3.3.5. International Data Spaces
The International Data Spaces (IDS) reference architecture [209, 210] deals with data
sovereignty, secure data exchange and sharing using the IDS Connector concept. Some of
the features, such as decentralization and distribution of trust, are compatible in both,
blockchain and IDS systems. Blockchain technology can therefore act as a key enabler for
maintaining shared data assets in an IDS environment. Here, large datasets are made
available through its IDS connector, where the shared data asset might encompass a hash
code or NFT to verify a larger file (e.g., a complex federated model).
When a business community decides to store shared data assets on a blockchain and
make this data accessible to the IDS ecosystem. 1) The blockchain acting as a data consumer
registers certain data from the IDS ecosystem on the cryptographically secured,
distributed ledger. For instance, a measurement, which has taken place, or certain sensor
data. 2) The blockchain acting as a data provider makes data accessible to other parties
in the IDS ecosystem, for instance, by recording certain transaction data.
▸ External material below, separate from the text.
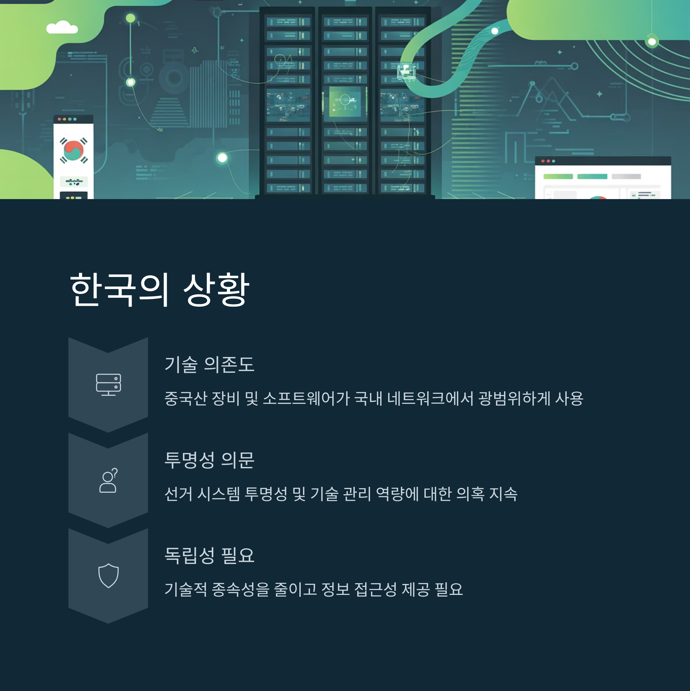 | A. 한국은 일부 데이터 및 통신 인프라에서 중국산 기술 의존도가 높아, 내부 투명성 문제와 데이터 관리에 대한 의구심을 받고 있는 상황입니다. |

3.4. Community Involvement
3.4.1. Participatory Models
On top of the benefits in quality, efficiency and costs through eliminating the need
for middlemen, crowdsourcing in DeSci bears the opportunity of running science and
RTD projects in a more inclusive and democratic approach. Following this game-changing
paradigm shift takes research out of its many silos into a global community, thus triggering
crucial network effects to enhance its value in a non-linear manner (Metcalfe's law,)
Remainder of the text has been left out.